Paul Ryan entered Congress in 1999. When his first term ended in 2001, outgoing President Bill Clinton handed Bush a budget surplus and a modest national debt of $5.6 trillion, much of it a carry-over from the massive military spending during the Cold War.

Then Bush, along with loyal Republican Ryan, went on a spending spree, which turned the budget surplus into a budget deficit and added to the national debt.

Alleged budget hawk Ryan supported Bush policies that added to the national debt, such as the Bush tax cuts ($1.7 trillion between 2001 and 2008) and their $620 billion extension, the bank bailout ($224 billion), the Iraq war ($853 billion) and Medicare Part D ($180 billion), among them.

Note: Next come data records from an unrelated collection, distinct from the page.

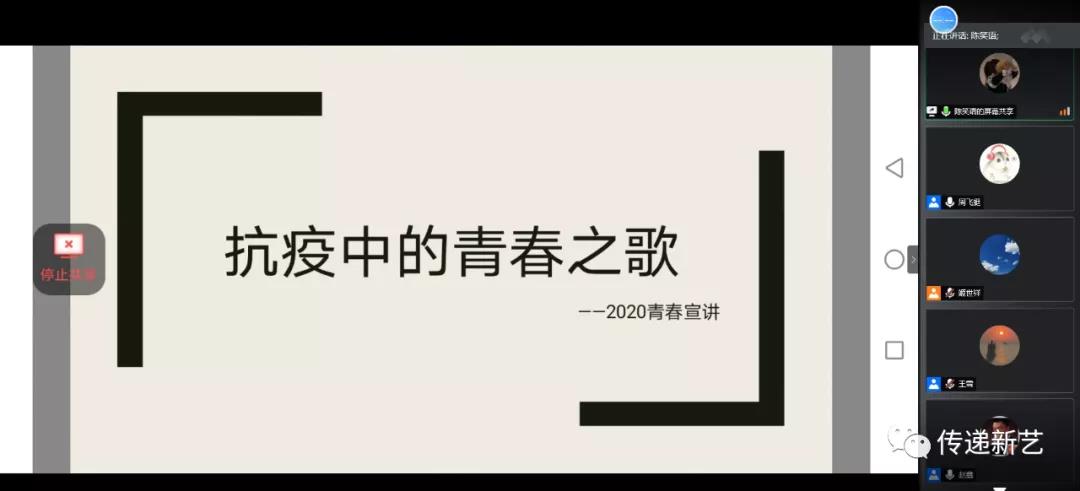 2020年7月28日14時,傳媒‘戰疫’青春宣講團通過騰訊會議系統向2018級全體學生述抗疫故事,樹立制度自信。宣傳團成員以學習習近平總書記給北京大學援鄂醫療隊“90后”黨員回信、五四寄語等重要精神為契機,開展線上專題宣講。傳媒院副院長姬世祥,團總支書記趙鑫,輔導員王雪和2018級全體學生參加了此次活動。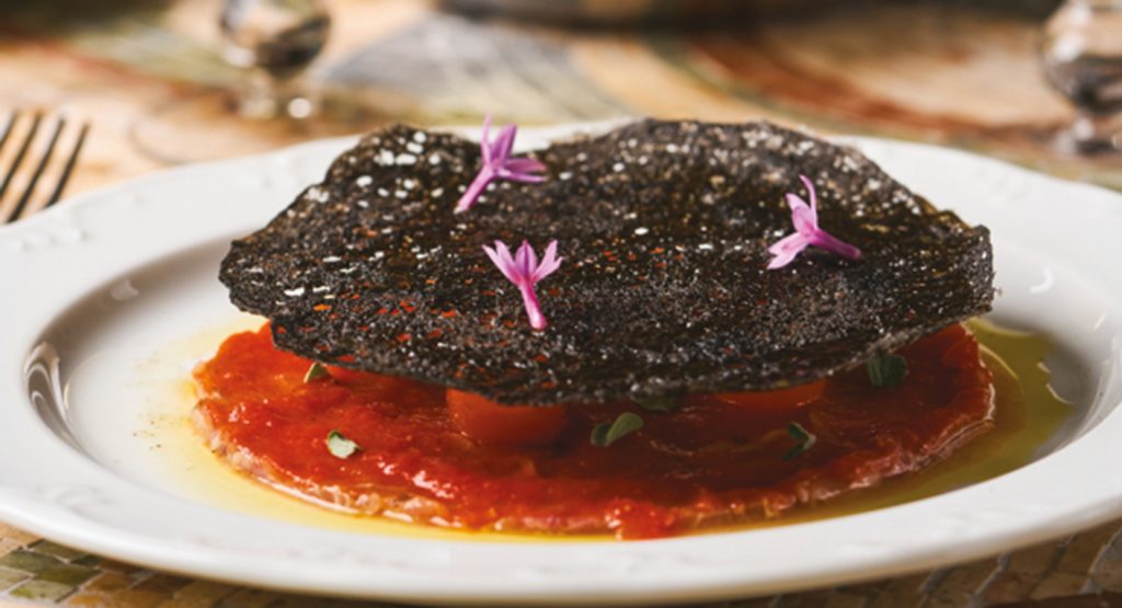 تغطى شرائح التونة بصلصة الطماطم، تضاف إليها قشرة حامض مبشورة، ثم الطماطم الصغيرة، وفوقها التوييل الأسود. تزين بملح البحر، زيت زيتون، الزهور وأوراق المرددوش.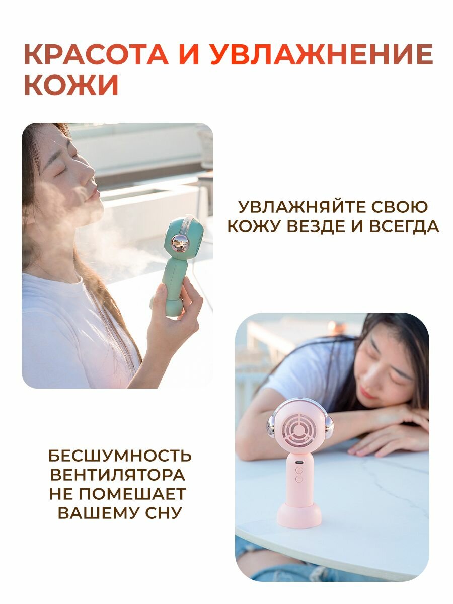 Портативный беспроводной мини-вентилятор с увлажнителем лица ручной BlueStar 3 Speed Type - C, розовый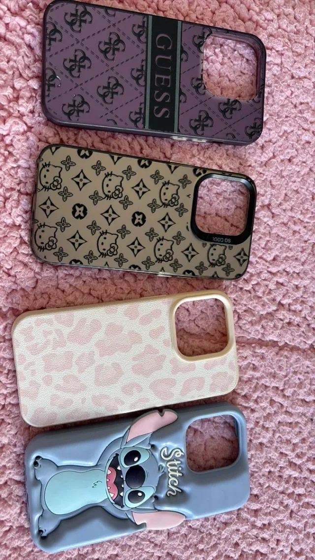 Dettagli del prodottoSet di 4 cover per iPhone 14 Pro. - Cover viola con logo Guess. - Cover beige con stampa di Hello Kitty e LV. - Cover rosa con stampa leopardata. - Cover blu con personaggio di Stitch. La descrizione è stata tradotta automaticamente.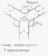 и ниже часто используются Y-циркуляторы, образованные не волноводами, а полосковыми линиями. Благодаря своей компактности и простоте конструкции Y-циркуляторы находят на практике широкое применение.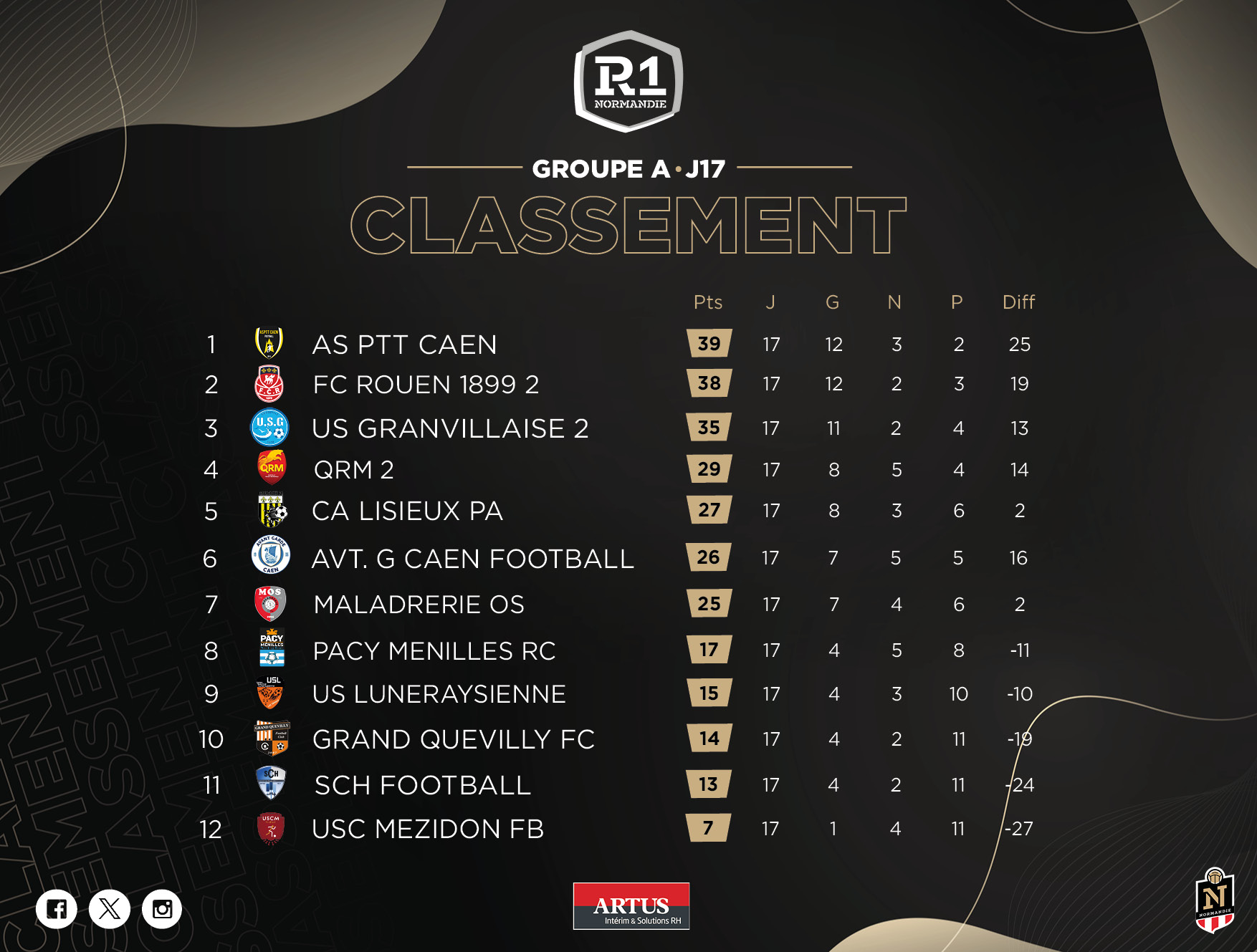 Les classements actualisés viendront compléter cette 17ᵉ journée des championnats de R1 Normandie.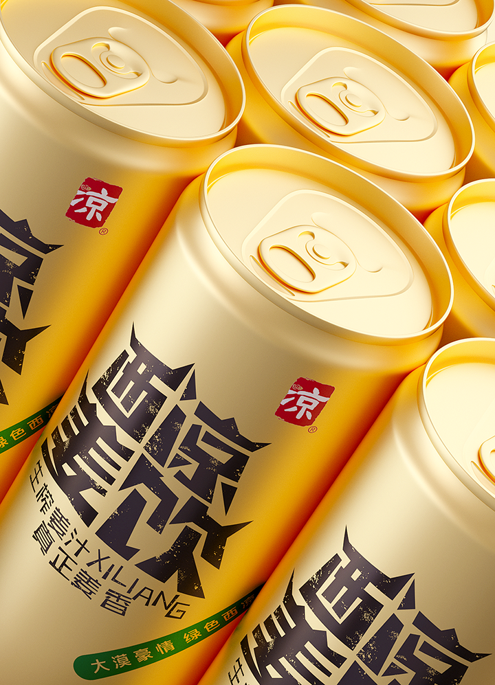 Xiliang ginger drink adopts the traditional technology of raw ginger juice to ensure the quality and taste of the product. The creativity combines Jiayuguan, desert, oasis, ginger juice and other elements, the font design of the brand name is Jiayuguan shape, the golden tank body and oasis ingeniously combine to form the sense of golden ginger juice flowing down. Color and shape are oases in the desert, expressing the meaning of precious water source. The golden pot is like an endless desert, and the golden ginger juice forms a positive and negative shape with the lower oasis, which skillfully shows the feeling of golden ginger juice overflowing from the mouth of the jar. The new design gives a new image to Xiliang ginger drink, which has the personality of Northwest China and contains the characteristic positioning of the product.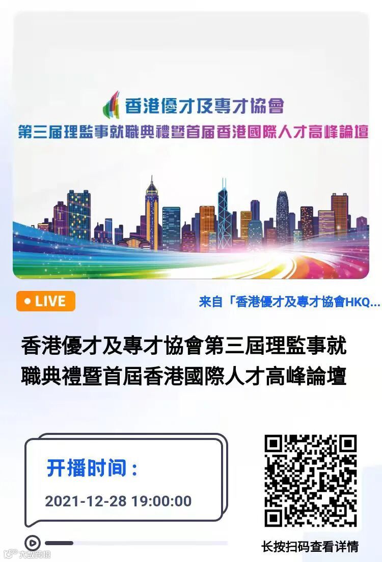 12月28日,香港優才及專才協會以「共融 · 共享· 共創」為主題舉辦首屆香港國際人才高峰論壇,聚焦香港如何在全球人才競爭中改善短板發揮優勢、人才在港發展的機遇與挑戰、以及全球人才在建設香港及國家中承擔的角色等話題進行探討,冀集思廣益,探索方案,為提升香港對國際人才的吸引力,進而為香港及大灣區各行業注入嶄新動力建言獻策,鋪墊未來。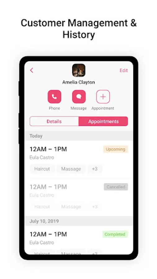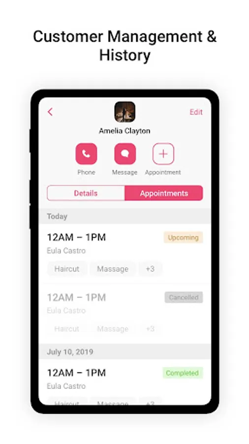 See information about your customer’s such as booking history, upcoming appointmentsб contact information, date of birth and other.

Overall, the Center for American Progress found that Ryan voted for “at least 65 separate pieces of deficit and debt-increasing legislation, with the total tab for all these votes a whopping $6.8 trillion in cumulative deficits.”

Bush and Ryan's spending spree and whopping tax cuts almost doubled the national debt from $5.6 trillion to more than $10 trillion, which they handed over to Obama in January 2009. Obama has added almost $5 trillion to the debt because of the existence of the Bush tax cuts (reducing the amount of revenue the government can take in); the weakened economy Obama inherited, which further reduces tax revenue; the interest on the $10 trillion he also inherited from Bush; the final years of the Iraq and Afghan wars; and the increased spending on safety net programs to support those who are jobless as a result of the recession.

So Bush and Ryan were handed a budget surplus, which they turned into a deficit, and they remain blameless in Ryan's eyes, yet Obama inherited the Great Recession, two wars and low tax revenues and Ryan blames him for adding to the national debt.

In addition, Ryan alleged that Obama failed to support the Simpson-Bowles deficit commission. In reality, Ryan was a member of that commission and rejected its recommendations to tackle spending.

Also curiously missing from Ryan's speech was his plan to drastically cut federal spending to eliminate the debt.

What Ryan didn't tell you is that his plan would not balance the budget until 2040 at the earliest. There's a good reason for that. Ryan plans to cut federal spending drastically, especially on programs that aid students, seniors, the poor and the middle class. But instead of using those savings to balance the budget, Ryan plans to hand the wealthiest Americans even bigger tax breaks than they enjoy now.

Another tidbit Ryan left out of his speech: Ronald Reagan's budget director David Stockman assessed Ryan's budget plan as doing “nothing to reverse the nation's economic decline and arrest its fiscal collapse,” adding that Ryan's plan is “devoid of credible math or hard policy choices.”